▸ **What the task asks**
Reproduce from the records below, with no pictures, exactly the lines between the one containing "キャンペーン期間中にご購入いただきますとクラブ三省堂ポイントが5倍になります。" and the one containing "1926年(大正15年)に鉄", inclusive.

▸ **Supplied material**

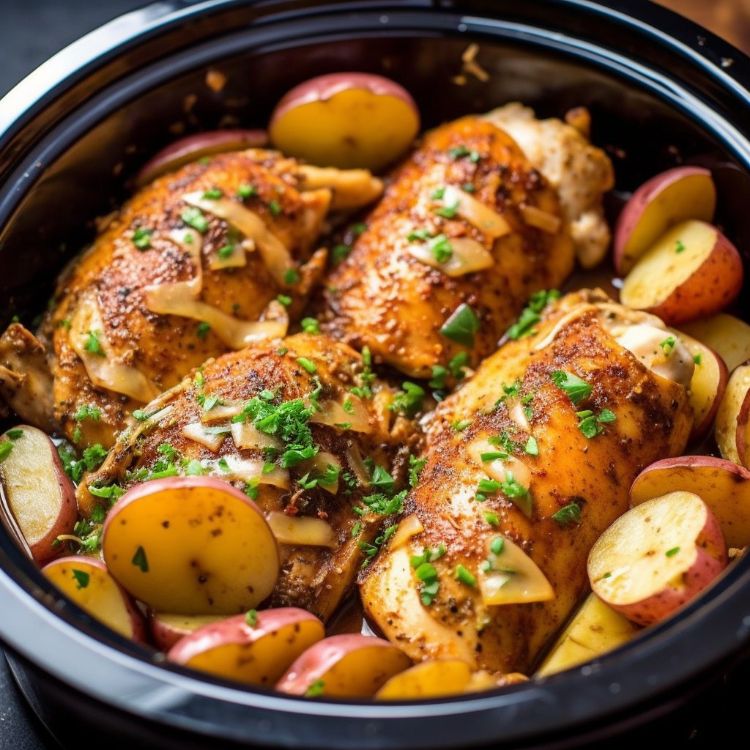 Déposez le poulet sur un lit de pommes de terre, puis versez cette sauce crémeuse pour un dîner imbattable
==
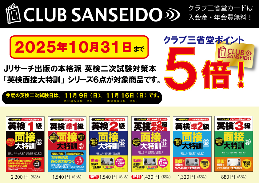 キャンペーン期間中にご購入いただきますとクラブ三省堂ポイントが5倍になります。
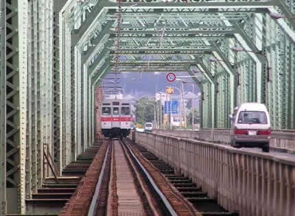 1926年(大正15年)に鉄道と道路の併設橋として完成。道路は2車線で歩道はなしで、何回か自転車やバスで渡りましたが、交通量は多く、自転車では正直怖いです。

▸ **Completed task**
 キャンペーン期間中にご購入いただきますとクラブ三省堂ポイントが5倍になります。
 1926年(大正15年)に鉄道と道路の併設橋として完成。道路は2車線で歩道はなしで、何回か自転車やバスで渡りましたが、交通量は多く、自転車では正直怖いです。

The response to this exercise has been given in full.